I was at my Mom and Dad's house last night and my Dad asked if I had looked at the local paper. I hadn't and he told me that there was something about the first New Year's baby born at the hospital that Jacob was born at.....a baby boy born to a white mother and a black father (just like Jacob). He got me the paper and since I like to make myself miserable, I looked at the pictures and read the story. It didn't say who delivered the baby, but I ran into my OB at Home Depot a few days after Christmas and she said that she was working on New Year's Eve, so I'm pretty sure that she did.
That baby would only been 2 months gestation when Jacob was born. There was a picture of the baby and then a picture of the thrilled Mom and Dad and the big, healthy, full-term baby in the hospital bed. Of course I stared at both pictures for awhile, thinking of how different our hospital picture is. A heartbroken Mom and Dad and a too small, dead baby boy. But a baby boy who was loved every second of his life and is loved every second that passes after his death.
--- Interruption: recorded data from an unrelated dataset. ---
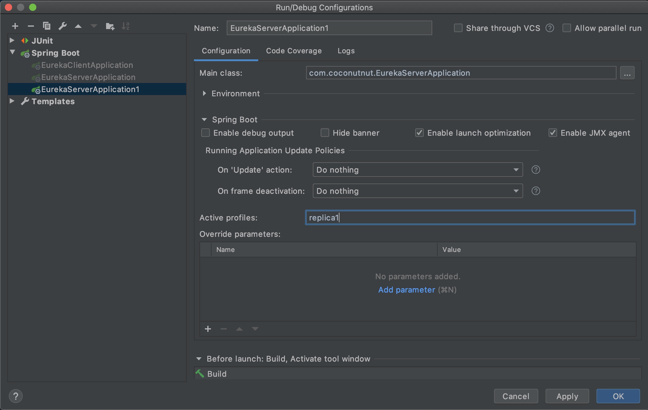配置文件2叫application-replica2.yml,hostname是replica2,Active profiles填的replica2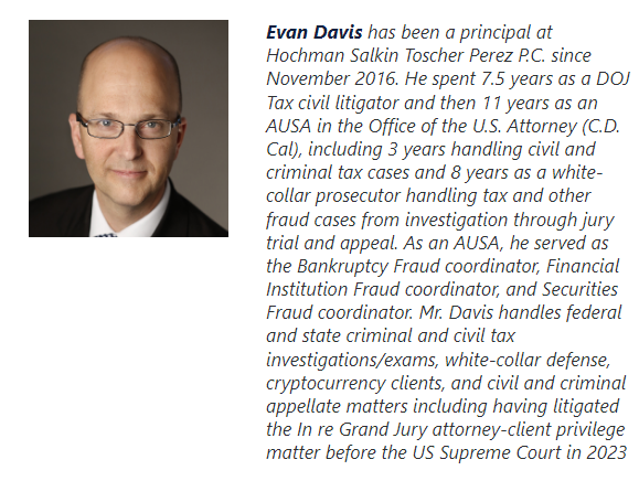 We are pleased to announce that Evan Davis will be speaking at the upcoming USD School of Law – Chamberlain International Tax Institute Conference on the on the topic of “Attorney-Client Privilege and Confidentiality Limitations in International Tax Matters” on Monday, February 19, 2024, 3:00 p.m. – 4:00 p.m. (CST), along with co-panelists Ana Elena Domínguez, Galicia Abogados (Mexico City), Jeremy Temkin, Morvillo, Abramowitz, Grand Iason & Anello PC (New York City), and Jaime Vásquez, Chamberlain Hrdlicka (San Antonio)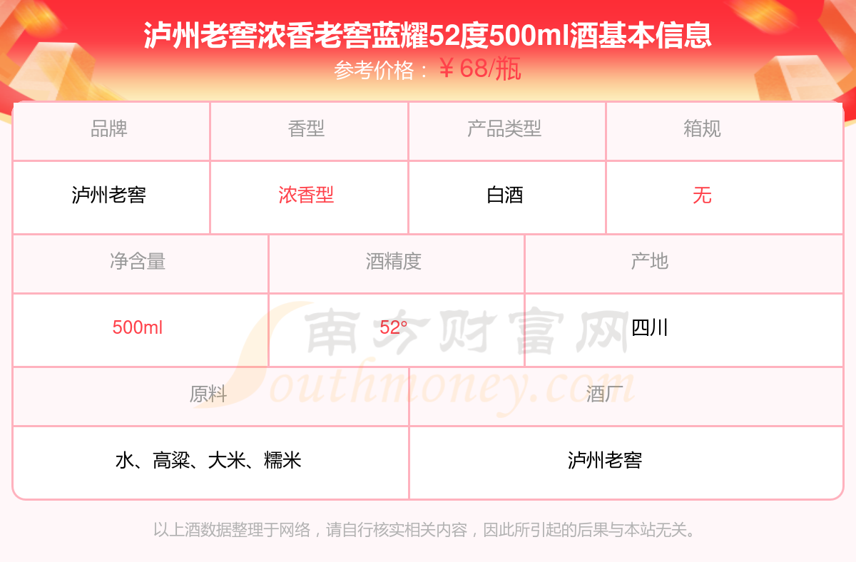 瀘州老窖濃香老窖藍(lán)耀52度500ml基本信息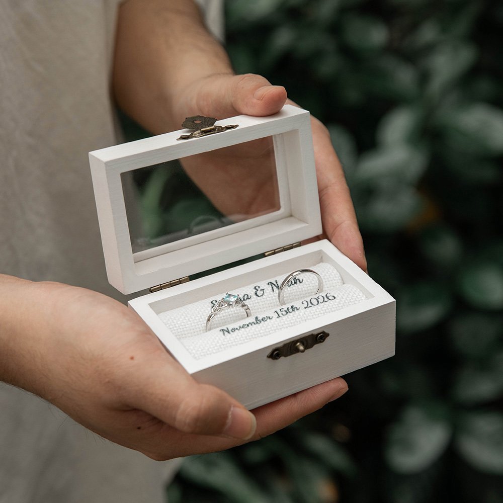 Gestalten Sie diese Ringschatulle ganz individuell, indem Sie die Namen des Paares und die Hochzeitsdaten hinzufügen. So wird die Box zu einem schönen Erinnerungsstück, das den Beginn der gemeinsamen Lebensreise eines Paares markiert.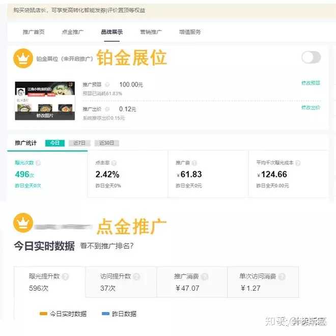 很多文章和美团平台都推荐有品牌的商家来做这两个展位,不过依然有很多不死心的个体商家来咨询。首先,从我们的运营经验来讲,单店去做这两个展位的曝光量、转化率都不够好。昨天我们有个北京的商家申请了铂金展位。今天这个推广数据出来一对比,大家就知道效果了。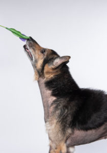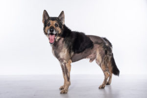 Vyděšený, bez chlupů, hubený pes, který nechápal proč zůstal v domě sám a kdo jsou ti lidé co se tu náhle objevili……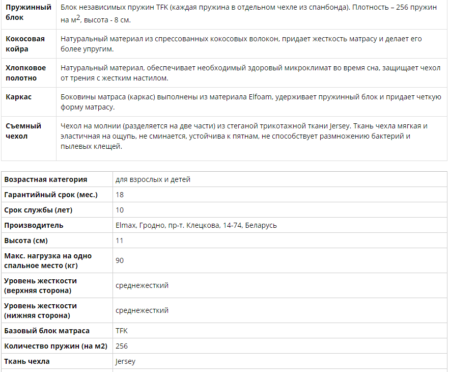 Высота матраса: 110 мм. Степень жесткости: среднежесткий / средний.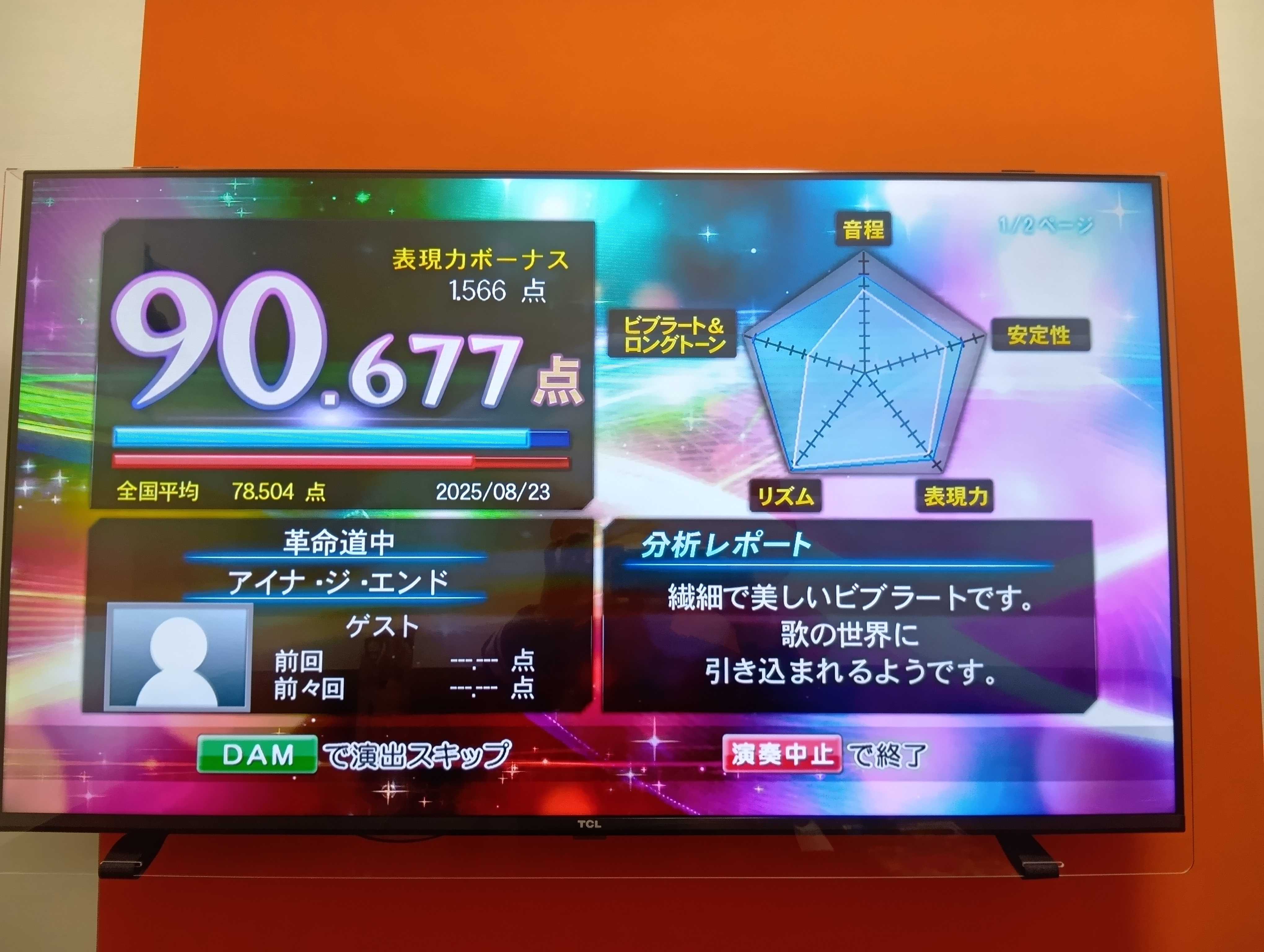 ギリギリ90点でした🎤 何か分析レポートで、DAMにめっちゃ褒められてて(笑)
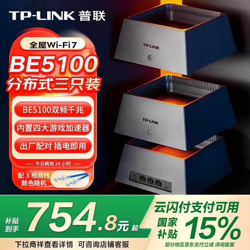 TP-LINK全屋WiFi7子母路由器BE5100分布式两只装优惠促销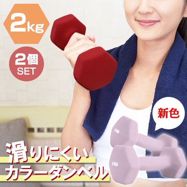 - 【2個セット/ライラック】滑りにくい カラー ダンベル 2kg 筋トレ エクササイズ 宅トレ シンプル ウエイトトレーニング ダイエット 新品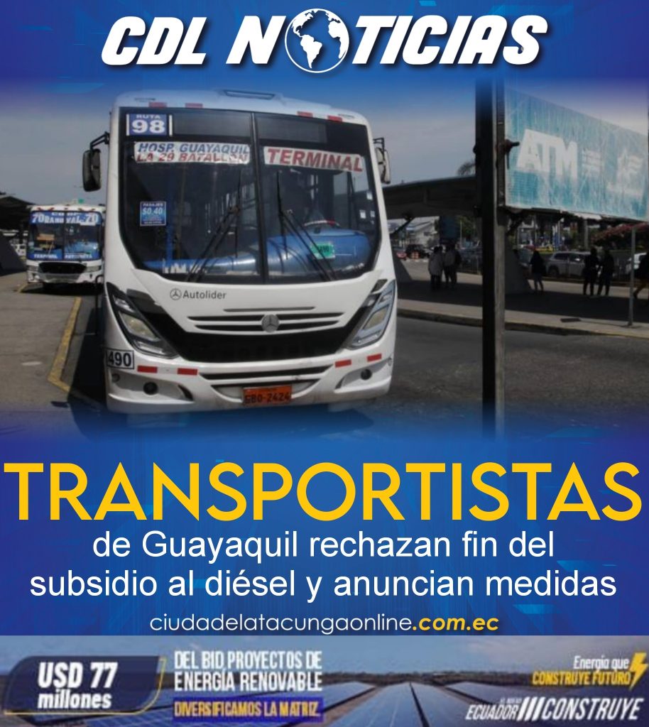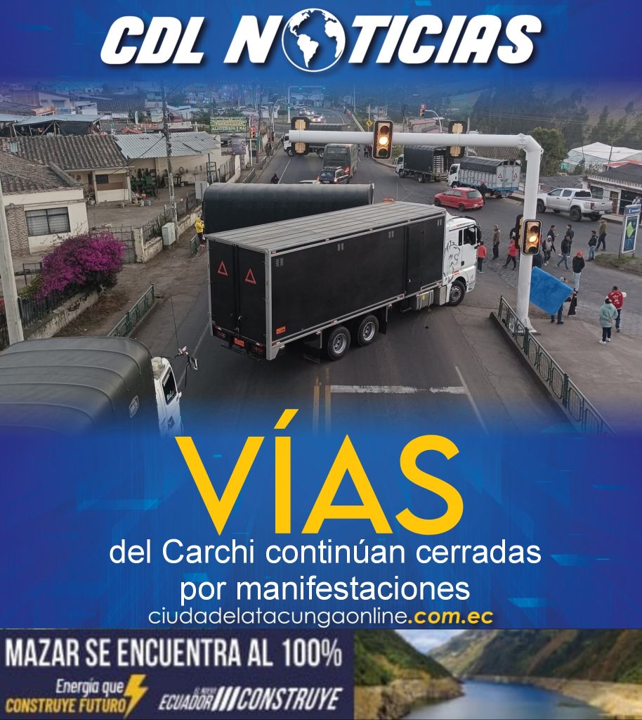 CDL Noticias PUBLICIDAD https://ciudadelatacungaonline.com.ec/wp-content/uploads/2025/08/PROMO-POSGRADOS.mp4https://ciudadelatacungaonline.com.ec/wp-content/uploads/2025/08/PROMO-UTC-General.mp4https://ciudadelatacungaonline.com.ec/wp-content/uploads/2024/10/Táctico-SP-16-9-SUBS.mp4 PUBLICIDAD PUBLICIDAD https://ciudadelatacungaonline.com.ec/wp-content/uploads/2025/09/Video-nuevas-obras-de-transmisión.mp4 Este lunes 15 de septiembre, en las provincias de Pichincha y Santo Domingo de los Tsáchilas hay cierres viales en respuesta a la eliminación del subsidio del diésel. Una de las carreteras afectadas por la obstaculización es la Panamericana Sur. A la altura del sector San Carlos, en el cantón Mejía, cientos de carros no podían avanzar. En Alóag, parroquia del cantón Mejía, en la provincia de Pichincha, hay camiones atravesados en la vía. La Gobernación de Cotopaxi indicó que había funcionarios estatales atrapados en el tráfico que no podían avanzar desde Quito a Latacunga. Esta última ciudad es la sede temporal del Ejecutivo. CarchiEn la provincia del Carchi, varias vías también están bloqueadas, entre esas: Bolívar – Piquiucho, San Gabriel – La Paz, La Paz – Bolívar, Tulcán – Huaca y Panamericana Norte (sector del Obelisco). Normalidad en otras ciudades En ciudades como Quito, Guayaquil, Loja, Manta, Portoviejo o Cuenca no hay manifestaciones y el movimiento ciudadano transcurre sin alteraciones. Eliminación del subsidio La eliminación del subsidio al diésel, que comenzó a aplicarse el sábado 13 de septiembre, elevó el precio del galón de 1,80 a 2,80 dólares y forma parte de una política que, según el Gobierno, permitirá un ahorro anual de 1 100 millones de dólares. La supresión de los subsidios de los combustibles es una de las decisiones políticas más sensibles en Ecuador que ya intentaron tomar sin éxito los expresidentes Lenin Moreno (2017-2021) y Guillermo Lasso (2021-2023), quienes tuvieron que recular ante las dos olas de protestas más grandes acontecidas en los últimos años en el país, lideradas en ambas ocasiones por el movimiento indígena. Noboa dio el paso de eliminar el subsidio al diésel tras haberlo hecho ya el año pasado con las gasolinas Extra y Ecopaís, las de mayor consumo en la nación. Para paliar los efectos de la eliminación del subsidio, la Administración de Daniel Noboa entregará esta compensación económica por ocho meses y en mayo de 2026 evaluará si extiende la bonificación cuatro meses más. Los pagos serán de entre 400 y 700 dólares al mes para cada unidad de transporte intercantonal, 600 dólares para las intraprovinciales y 1 000 dólares para las interprovinciales. El Ejecutivo destinará 68,7 millones de dólares este año para cubrir estas transferencias. https://ciudadelatacungaonline.com.ec/wp-content/uploads/2025/08/PROMO-POSGRADOS.mp4https://ciudadelatacungaonline.com.ec/wp-content/uploads/2025/08/PROMO-UTC-General.mp4https://ciudadelatacungaonline.com.ec/wp-content/uploads/2024/10/Táctico-SP-16-9-SUBS.mp4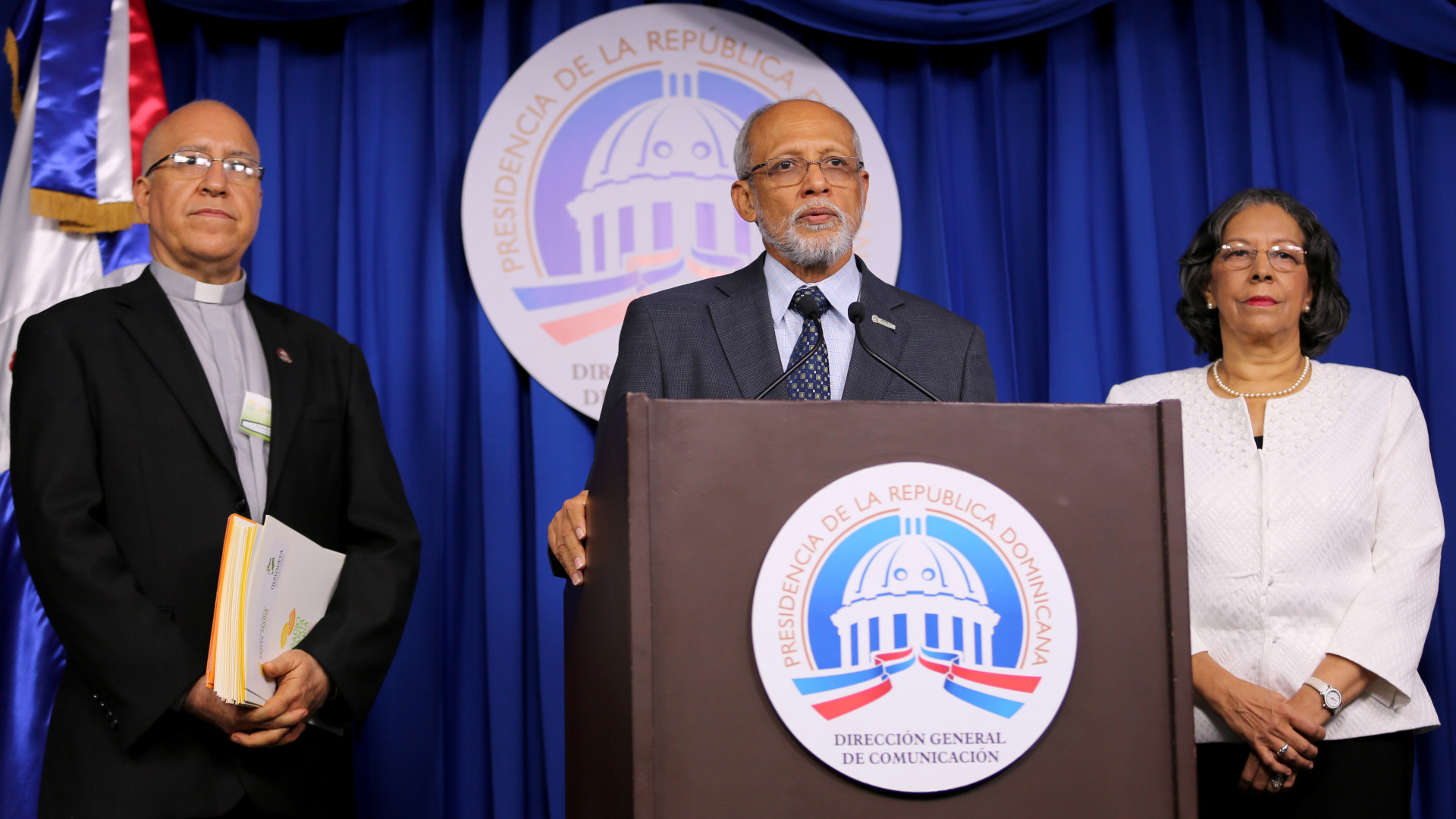 Padre Prudencio Miguel Piña, director de las Escuelas Radiofónicas Santa María; Pedro Luis Castellanos, coordinador de Programas Especiales de la Presidencia y Miriam Camilo Recio, directora general de Educación de Jóvenes y Adultos del Ministerio de Educación.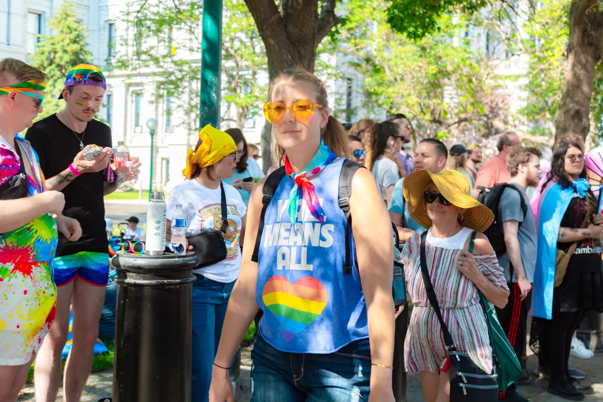Attendees walking through the crowd at PrideFest.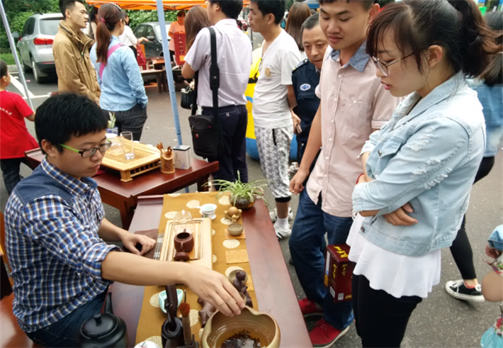 在“群贤雅聚,百家食尚”为主题的游园会现场,学生精心组织的美食制作、茶文化展、互动游戏三个版块吸引了络绎不绝的人群。芝士热狗、意大利面、西多士、工夫茶艺的表演、趣味横生的游戏,让围观者连连称赞、流连忘返。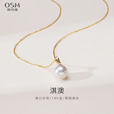 欧诗漫海水珍珠吊坠单颗圆形澳白珍珠项链18K金镜面强光 淇澳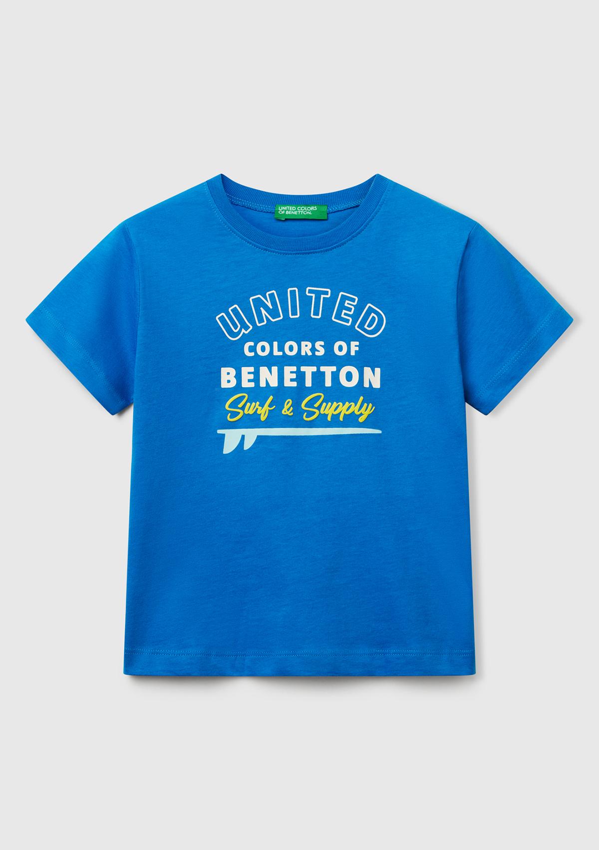 Erkek Çocuk Saks Mavi Benetton Logo Baskılı T-Shirt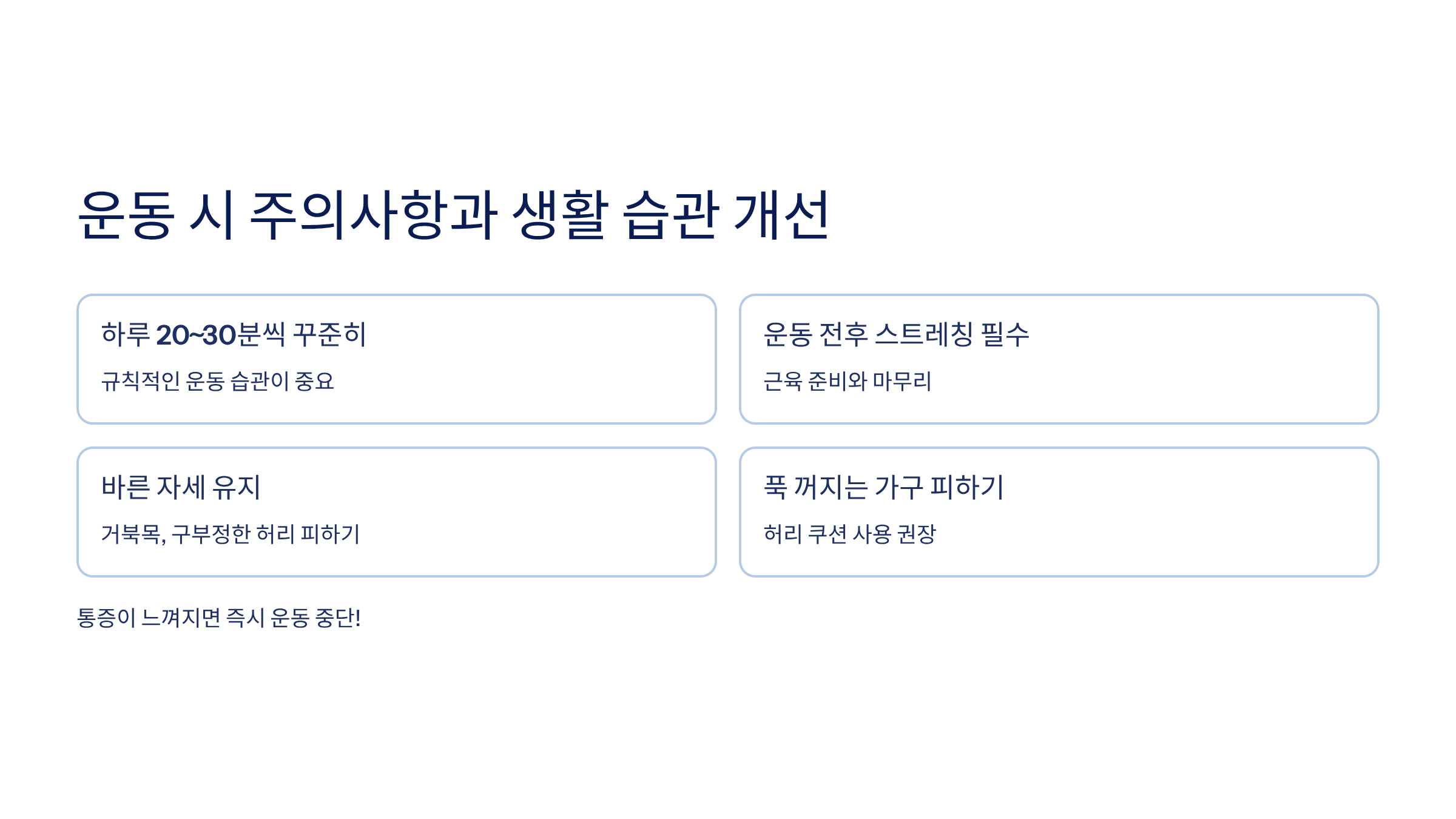 ➡️ 걷기, 수영, 스트레칭 같은 저충격 운동이 가장 좋습니다.

I was in the subway yesterday at lunch and there was a woman with a baby girl in a stroller. Someone asked her how old her baby is and she said 3 months. Jacob would have been 3 months old in a week. I had to walk as far away from them as I could in the train and then stand at the door so that people wouldn't see how hard I was struggling not to cry. I also saw a facebook status the other day that my brother-in-law's sister posted. She had a baby boy 2 weeks after Jacob was due and said how hard it is too see your baby in pain while the baby is teething. I wish I knew how that felt.
With those 2 things happening yesterday, I got home and had a good cry.
Then today I finally got AF. Exactly 6 weeks after my miscarriage. I also started AF last year on January 7th, which was the start of the cycle that Jacob was conceived in.
So I had another huge cry tonight and I don't think I'm done for the night either. At least I have a needy little cat curled up in my lap who is trying to give me kisses with a rough little tongue.
11 comments:
I'm sorry you had to endure all of that. Talk about a rough day. :( I feel for you though. I'm a glutton for punishment, too. I was looking at several blogs of childhood friends last night and saw how several of them now have kids the same age as what Liv would be and tortured myself with it all -- leading to no sleep.
Here's to wonderful pets that bring us comfort. I hope tomorrow brings some joy your way! :)
Oh Dana.
I don't know why it is, but it seems like things like this happen right in a row with each other. I, too, wish I could know what teething is like.
I'm not sure if AF makes you feel relieved or more sad. I hope there is at least some part of you that is at peace with your body being "back on track".
Some nights are just made for tears. I hope tomorrow will be a better day.
((Big Hugs))
That's my biggest trigger right now, hearing other parents talk about their newborns, especially if they're complaining about them. It always irks me and makes me a mixture of sad and bitter.
((((((HUGS))))) Hug that kitty, they always help.
I'm so sorry. Moments like those are so very hard. I've been trying hard to avoid those New Year baby photos. I also had a cycle mirror the one I conceived Aiden in. It was pretty hard so please be kind to yourself for the next few weeks. I hope you find some moments of peace in the coming weeks.
I am sorry you had such a rough day. I hope that the weekend was relaxing for you and that you got some more good cuddles in from your kitty, aren't pets the best?? ((hugs))
I felt the same way you did, looking at the happy family pic and reflecting on my family's sadness. Your Jacob and my Louise would be the exact same age.
I just stumbled across your blog from Babycenter and wanted to say hi. I found out on February 8, 2010 that we were pregnant with our first, and we lost her in May. It's so hard. I also had an early miscarriage in August. Time helps heal, but I still have a hard time looking back at 2010 and believing I made it through. Just wanted to say hi, I like your blog, and you're not alone! : )
I didn't realize I hadn't commented on this post! I am sorry you experienced these triggers. :( The upcoming weeks are going to be hard, but I know that Jacob will be close to you....helping you through. And of course your kitties will be there needing and wanting lots of love. <3 <3 <3
Oh how I really dislike days like this!! I hope you find some comfort in knowing that 2011 will be a new beginning for you.... sending lot of prayers your way!
I couldn't help but chuckle a little out loud at "because I like to make myself miserable..." - I can just hear you saying that. Am I awful now?
That will be you and Ted this year with a new baby and Jacob's Teddy bear in the pictures. I know it.